Proxmox VE Ceph Benchmark 2018/02

Discussion in 'Proxmox VE: Installation and configuration' started by martin, Feb 27, 2018.

  1. martin

    martin Proxmox Staff Member
    Staff Member

    Joined:
    Apr 28, 2005
    Messages:
    625
    Likes Received:
    289
    To optimize performance in hyper-converged deployments with Proxmox VE and Ceph storage
    hardware setup is an important factor.

    This Ceph benchmark shows some examples. We are also curious to hear about your setups and performance outcomes, please post and discuss this here.

    Download PDF
    Proxmox VE Ceph Benchmark 2018/02
    __________________
    Best regards,

    Martin Maurer
    Proxmox VE project leader
     
    ddhulla, El Tebe, r.jochum and 8 others like this.
  2. PigLover

    PigLover Active Member

    Joined:
    Apr 8, 2013
    Messages:
    100
    Likes Received:
    32
    Interesting and useful write up. A bit summarized on the results presented (thin on details) but still quite useful.

    I was surprised to see the large read performance gain with 100Gbe network vs 10Gbe, especially given the close race between them on the write side. Some more digging on this - and potential optimization strategy - would be warranted.

    Also, the introduction discusses the possibility of using a 3-node cluster with the comment that in a three node cluster "the data is still available after the loss of a node". While true, this is sorely incomplete and misleading.

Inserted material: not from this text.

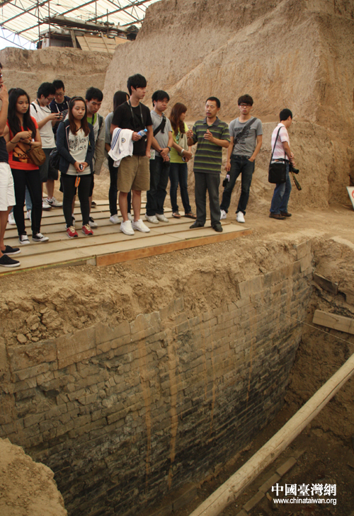 中國臺灣網(wǎng)8月17日西安消息  臺灣青年學(xué)生交流團(tuán)“北京—西安”之旅漸漸步入尾聲, 8月15日,兩岸學(xué)子來到西安鳳棲原張安世家族墓考古工地,實(shí)地探訪這位西漢重臣宏偉的家族墓藏,親身體驗(yàn)2010年“全國十大考古發(fā)現(xiàn)”的挖掘現(xiàn)場。
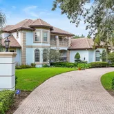 Welcome to a world where timeless elegance meets unparalleled craftsmanship. This exquisite custom-built estate, nestled on a sprawling 0.97-acre corner lot in the exclusive, gated enclave of Palencia, offers a lifestyle of privacy, comfort, and sophistication. Situated on a peaceful cul-de-sac and bordered by a serene wooded recreational park, this home is just steps away from a community playground, making it a perfect sanctuary for families....A Custom-Built Estate of Unrivaled Luxury in Palencia

If you are going to make this statement you really owe your readers at last a slighly more detailed treatment of failure modes showing why it takes "replication count"+1 nodes (four in this case) to maintain fully stable operation with a failed node and some treatment of why odd-numbers of nodes create more resilient outcomes.
     
  3. tschanness

    tschanness Member

    Joined:
    Oct 30, 2016
    Messages:
    275
    Likes Received:
    19
    Hi,
    interesting, thanks for posting. Do you have 40GBit/s NICs as well? Were your interfaces bonded? I guess a lot of people would be interessted in LAGs with 2-4 GBit NICs.
    I would be interessted in a benchmark with 8 OSDs (or even more).

    Thanks,
    Jonas
     
  4. tom

    tom Proxmox Staff Member
    Staff Member

    Joined:
    Aug 29, 2006
    Messages:
    13,159
    Likes Received:
    352
    We did not used any bonds. Anything slower than 10 Gbit is a big limiting factor for SSD Ceph Clusters.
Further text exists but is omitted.